The College Club System allows users to access electronic mail, group information and create a resume through a single site on the Web, said Everett Jacobs, director of national marketing for College Club. The program has been available to University of A rizona students since August.
"College Club is a community concept," Jacobs said. "It allows people to enhance and expand communication methods so we can communicate more effectively."
He said College Club's groupware function enables someone to send a single message to everyone in a group.
"Instead of a club sending a bunch of messages to everyone in the group, it is easier just to send one message," Jacobs said. "It is easier to point and click, sending group mail just as easily as personal mail."
More than 500 groups around the nation are taking advantage of the groupware function, he said.
Individuals can open an account with College Club's e-mail feature, C! Mail, which allows users to exchange messages with any other system, Jacobs said.
Jacobs said the site features a resume and letter-building resource for students seeking employment, a classified section where students can buy and sell various items and a "factory" that creates personal Web pages for students and faculty.
Jacobs said College Club started as a telephone access digital voice system that began at the University of California San Diego as a class project.
"The system grew, and students in San Diego were soon able to use it," Jacobs said. "It was then on the World Wide Web as a site in 1993."
UA students and faculty who have checked out College Club have given the system mixed reviews.
"I wouldn't use this program that often," said Cybill Rollan, a management information systems senior and computer lab monitor for the Center for Computing and Information Technology. "I would build a resume and home page on my own - it's not that hard."
Although Rollan said she did not find the system useful, she said students could benefit by perusing it.
Brad Eaton, a regional development senior and CCIT lab monitor, said he would use the College Club site if he was sitting in front of the computer being "nerdy."
"I think people are not going to be keyed into it very much, at least not at first," he said. "But I believe it is a cool Web site and think people will dig it."
Eaton said he found the site easy to "surf around."
"The best feature is its easy layout and user-friendly page," he said. "The worst feature is that people aren't aware of it and probably won't use the e-mail system set up on the page."

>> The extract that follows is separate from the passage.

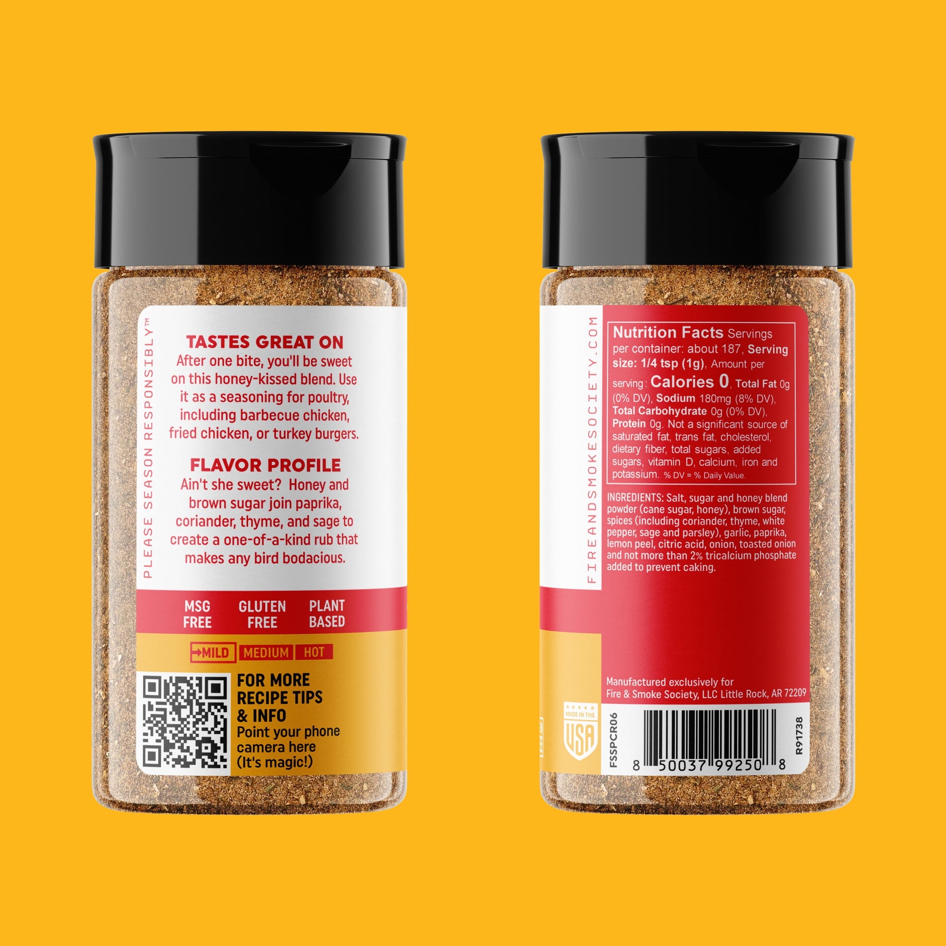 Be the king of your next barbecue with Fire And Smoke Society Sweet Peeper poultry seasoning salt. Our perfect chicken salt is a one-of-a-kind rub that makes any bird bodacious. It works wonders on whole birds, chicken thighs, legs, and wings, smoked turkey, quail, guinea hen, even dove. Whether you're grilling up a feast of chicken wings organic, roasted chicken, whole turkey, or even chicken burgers, Sweet Peeper is your ideal seasoning mix. Our spice blend isn't just for grilling; it's a versatile addition to your kitchen, perfect for chicken fried, chicken marinade, and enhancing the flavors of chicken burgers or meat seasoning blend. Packed with poultry herbs, it's your go-to for creating mouthwatering dishes, and it's equally fantastic for seasoning turkey legs. Sweet Peeper is the ultimate choice for those looking for Barbecue rubs for smoking that elevate their culinary creations with an irresistible taste.

Eaton said he would recommend students use the university's e-mail system.
"People I've talked with on campus and in the computer labs are barely getting comfortable with the normal e-mail system, and seem to separate that from Netscape entirely," he said.
Karen Warren, a UA systems support analyst, said that Listserv is the UA's version of groupware.
"Although it is not based through the Web, you can subscribe to a list after which you will receive all of the group's messages," she said.
Warren said a few hundred Listserv groups exist at the UA.
She said personal home pages can be created through an e-mail account on the u.arizona.edu system and student organizations' home pages can be accessed through UA Info.
Linda Drew, CCIT computing manager, said computer users at the UA can access Caucus, a new Web-based way to share information with groups of people.
She said a number of departments, including English and chemistry, have been integrating Caucus into their curriculums.
"After you register as a new user by pulling up caucus.arizona.edu, you can join in on any conferences," Drew said.